Well, used my "birthday treat to myself" for 3 or 4 rounds now, so time for feedback. All 4 rounds in p****ing down rain and a lot of wind and leaves.

Sun Mountain Micro Cart (Â£129) and matching MCB bag (Â£109)

Decided to go for a push trolley to take some strain off my back carrying, and didnt want the faff of charging batteries regulalry.

Didnt do too much research other than checking out fleabay.
I had seen the Micro Cart folded down on a society day earlier in teh year - for a 4 wheel trolley it folds down extremely well - important in getting it into the boot of my Peugeot 306 along with the bag and numerous other golfing apparel etc.   The two fit in easily 

The comparable price Motocaddy Push trolley is 3 wheels, made very well and was very tempting, but just would not fold down as small.

The initial fold out/fold down took only a tiny bit of time to work out and is quite simple; the wheels are fixed but are well engineered. Central handle with space for 2 hands; adjustable height.  Umbrella holder very useful and robust in high winds.  "Bag" underneath with 3 zipped areas for food etc - does tend to get muddy in very wet weather.  Good smooth trolley to push. Doesnt feel heavy.  Bag sits on base rest that is shaped to the bottom of the matching bag, so there is a snug and fixed fit - bag does not slide off; for other bags without the macthing base, it acts just like a normal trolley bag support.  Top part of gag fixes in place by semi rigid "arms" which are adjustable, so again dont have to rely on straps and bag sits still in place, irrespective of make. 

Drink/bottle holder beneath handle is good, and there is a good cable brake. 


Matching bag is (so the manufacturers state) designed to fit and be used in conjunction with this trolley.  Obviously the base support matches, but they have apparently laid out the pockets so that there are no pockets on the underside that you need to get to once on teh trolley.  Pockets are massive and numerous - i havent found use for them yet; after carrying for so long it's so nice just to be able to put wet gear, jumpers etc in and not have to guess what teh weather will be in 4 hours time.  

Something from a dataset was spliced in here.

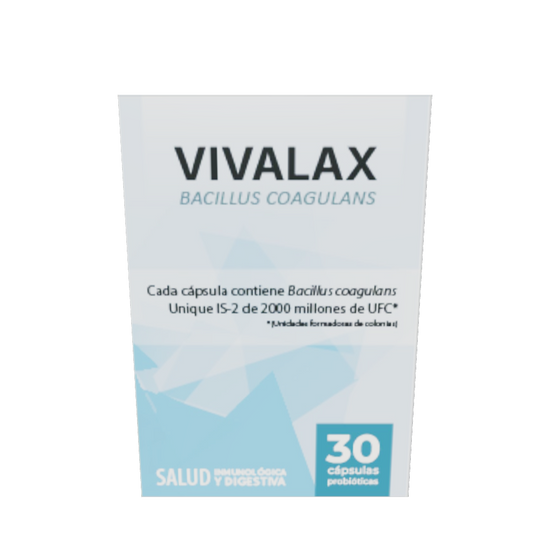 Ver comparacionesVivalax aporta una dosis efectiva de Bacillus coagulans Unique IS-2, una cepa probiótica altamente resistente que sobrevive al paso por el tracto gastrointestinal, lo que le permite llegar activa al intestino donde ejerce su acción benéfica.

Bag has taken a battering from the rain, but stood up well - nothing inside the bag felt wet.  

Minor point is that with the unmbrella on the side of teh bag in its position, makes it difficult to get to one of teh main pockets. Minor point

For some odd reason there are 15 slots for clubs !  The only possible reason i can think of is that you get 2 choices when you put the club back in  - yeah i know, not particularly obvious.    I think it was just easier to have an even number, with the putter slot added at the front  - who knows.  

Rain cover i though might be more robust, and does seem to be a bit thin, and ttherefore moisture might be getting in. Howevr i am sure this is a design flaw as i think it is fixed the wrong way round (you ought to have to reach under the rain cover to get the club in rain, not come in from above).

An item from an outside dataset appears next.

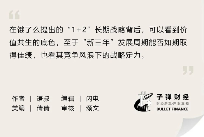在此背景下,想要撬动更大市场获得发展先机,就必须平衡好骑手、商家、用户、平台四方权益关系。在饿了么提出的“1+2”长期战略背后,可以看到价值共生的底色,至于“新三年”发展周期能否如期取得佳绩,也看其竞争风浪下的战略定力。

Bag has handles on front and back, and the rim of the bag has two widened rim pieces which make it easy to lift vertically.

There is a "strap holder" on the back side - not convinced by this as it's a great spot for rain and mud to splash up from underneath on wet days - i just stuck the strap in one of the pockets. 

One of the pockets is a cooler pocket. The handle section has a magnetic tray section for scorecard and bits and pieces.  


Loaded up, it's a bit hard work pushing it all up the very steep hills we have on our course; and because of the steepness of them you dont get a chance to freewheel it back down in front of you  - you need to hold on to it.  But on a flatter or flat course that would not be an issue. 

Overall very pleased;  i'm looking forward to using it in some nice weather for a change.


----------



## bobmac (Nov 19, 2010)

For some odd reason there are 15 slots for clubs !
		
Click to expand...

The spare one is for your V-Easy


----------



## sev112 (Nov 19, 2010)

Well if you're offering a discount for editing the text to say that ....


----------



## Smiffy (Nov 21, 2010)

Well if you're offering a discount for editing the text to say that .... 

Click to expand...

Sev.
He's Scottish.
He doesn't understand the word "discount"
You'll have to explain


----------



## bobmac (Nov 21, 2010)

Well if you're offering a discount for editing the text to say that .... 

Click to expand...


Sev.
He's Scottish.
He doesn't understand the word "discount"
You'll have to explain
		
Click to expand...

That's rich, coming from a car salesman 

Knob


----------